Upregulated genes in NAT compared with healthy. a Overall, 2451 genes were upregulated in NAT compared with healthy across all tissue types. Of those, 660 were found in more than one tissue site, 223 in more than two (x-fold more than expected by random) and 98 in more than three (x-fold). The chord diagram shows the vast amount of shared genes among all tissue types. b Boxplot of the expression levels of ATP5E, an example of a gene that is consistently upregulated in NAT compared with healthy. No significant difference is observed between NAT and tumor. c STRING analysis of protein–protein interactions of the 98 genes, corresponding to 91 proteins, upregulated in NAT compared with healthy in at least four tissue types. A total of 180 edges are found between 57 of the genes (other genes not shown). Only 30 are expected by chance (Poisson approximation p-value < 1 × 10−20). Thickness of edges indicates confidence. We observed four clusters with three or more genes cluster 1: cell division; cluster 2: immune response; cluster 3: cellular stimuli; cluster 4: ATP. d Gene-set enrichment analysis (GSEA) of the hallmark gene sets using NAT vs. healthy differential expression. NES are presented, but only for significant comparisons (FDR < 1%). Otherwise, the color of the cell is white. Only gene sets significant in at least one tissue site are presented. The full data is in Supplementary Data 3. Inflammatory response-related pathways are generally enriched in NAT in most tissue types (red). On the other hand, the NAT tissue tends to not express normal development pathways such as myogenesis and adipogenesis (blue)
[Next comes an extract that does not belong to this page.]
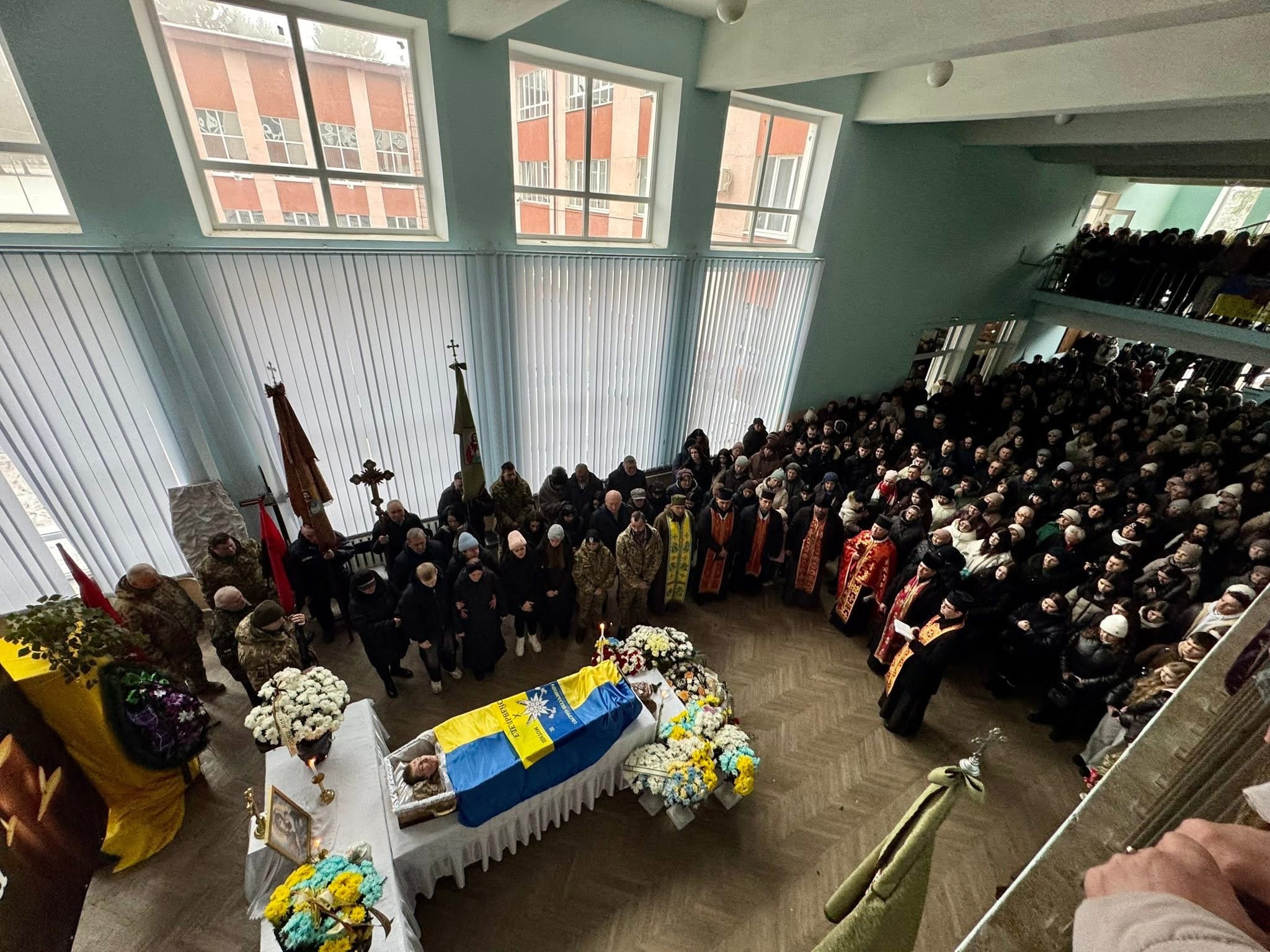 Прощальна церемонія відбулася у Палаці культури, де разом зі священнослужителями громади звучала молитва за упокій душі Захисника. Зала була наповнена болем, тишею й невимовною вдячністю. Тут прощалися з хлопцем, якому ще жити й жити…

To gain further insight into the global patterns that distinguish between healthy tissue and NAT, we performed a gene-set enrichment analysis (GSEA) using the 50 hallmark gene sets32. Altogether, 41% of all comparisons between healthy tissue and NAT were significantly perturbed (GSEA nominal p-value false rate discovery (FDR) < 1%) (Fig. 3d; Supplementary Data 3). Examining the trends of divergence across tissue types revealed robust enrichment of inflammatory response-related gene sets upregulated in NAT, such as tumor necrosis factor (TNF)-α signaling, interferon response, and allograft rejection. Interestingly, several cancer-related signatures were also enriched in NAT, such as KRAS signaling, p53 pathway, hypoxia, and apoptosis. On the other extreme, cellular differentiation and metabolic pathways, such as myogenesis, adipogenesis, and oxidative phosphorylation, respectively, were significantly enriched in most healthy tissues.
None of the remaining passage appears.